Indigenous - Biography
By J Poet
Mato Nanji Zephier, leader of the blues rock band Indigenous, is going to be a guitar god. The massive, full bodied tone he gets from his guitar cuts into the air like a psychedelic jet fighter that’s just swooped out of the heavens to sprinkle the crowd with fat blues rock bullets. Mato’s opening notes on “Things We Do,” the title track from the band’s debut Things We Do (1998 Pachyderm) will make your jaw drop.

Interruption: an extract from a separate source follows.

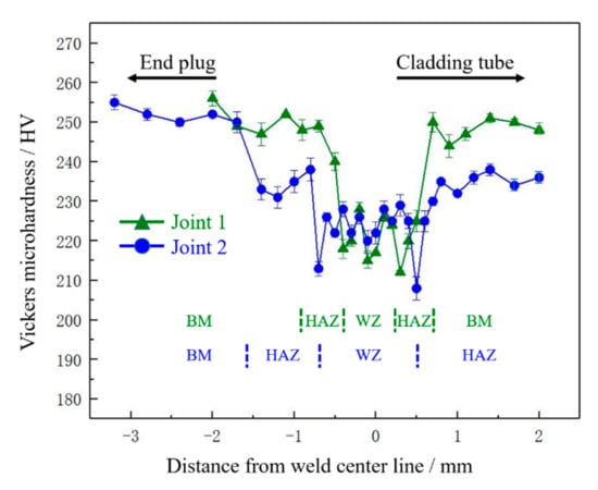 The microhardness distributions on the cross-sections at 180° were tested along the paths indicated in Figure 2c, and the results were presented in Figure 10. From Figure 10, it can be found that the microhardness of the BM was 250~260 HV, the heated zones of both joints 1 and 2 were softened and the minimum hardness on the cross-sections of these joints always appeared at the FZ-HAZ interface. The results also indicated that the width of the softened zone of joint 1 was greatly less than that of joint 2, while the minimum hardness of the former was slightly higher than that of the latter. For NS Mo base metal, a special liquid liquid mixing preparation method was employed to realize the dispersed distribution of nano-sized La2O3 particles, resulting in favorable mechanical performance. Owing to the melting point of La2O3 (i.e., 2207°C) [] being lower than that of Mo (i.e., 2622 °C, La2O3 particles in the FZ will decompound during the laser welding process. Thus, the microhardness of the FZ was significantly decreased and lower than those of the HAZ and BM. The NS Mo BM considered in this work is also a type of work-hardened material. Therefore, softening of the HAZ in the welded joints might be largely due to the decreased number of dislocations after the welding thermal cycle.

His style still echoes his influences – Hendrix, Stevie Ray Vaughan, B. B., Albert and Freddie King - but it has an undeniable power.
Greg Zephier, Mato’s dad, spent most of the ‘60s and early ‘70s playing in a Native blues band called the Vanishing Americans. It was his collection of Santana, Hendrix, Buddy Guy, and B. B. and Albert King records that Mato turned to for inspiration. When Mato started playing guitar his brother Pte picked up his father’s bass, his sister Wanbdi chose the drum kit and their cousin Horse joined in on congas, later adding other world percussion instruments. The quartet spent five years wood shedding in the Zephier basement in South Dakota and once they began playing live gigs, the rave reviews poured in, especially for Mato’s blazing guitar style. Not too bad for a kid that learned how to play listening to records.
Early gigs included the second Clinton inauguration ball and dates with Jackson Brown, Keb’Mo’ and the Indigo Girls. They released three self produced cassettes, including Live Blues From the Sky recorded through the soundboard of PBS station NET in Lincoln, Nebraska. Indigenous took the tapes to Pachyderm Studios, where studio heads Jim Nichol and Mason Munoz signed them to a deal and released Things We Do. Chris Eyre, the Indian director of Smoke Signals shot a video for “Things We Do” which help the band’s leap to the mainstream.
Their second album, Live at Pachyderm Studios (1999 Pachyderm) showed a quantum leap in the band’s abilities, with a smoking cover of Hendrix’s “Red House.” Circle (2000 Pachyderm) was #1 on the Billboard Blues Chart for four months after its release, and led to a major label deal with Jive and the eponymous Indigenous (2003 Jive). The band jumped back to the indie scene with Chasing The Sun (2006 Vanguard.) It used studio musicians in place of Pte and Wanbdi and with only Mato’s face on the cover, some thought he’d “gone solo.” Not so. On Long Way Home (2005 Indigenous) the band has become a power trio, leaning a more to the rock than the blues side, but still churning out powerhouse riffs with Mato’s impressive vocals delivering a solid, soulful punch.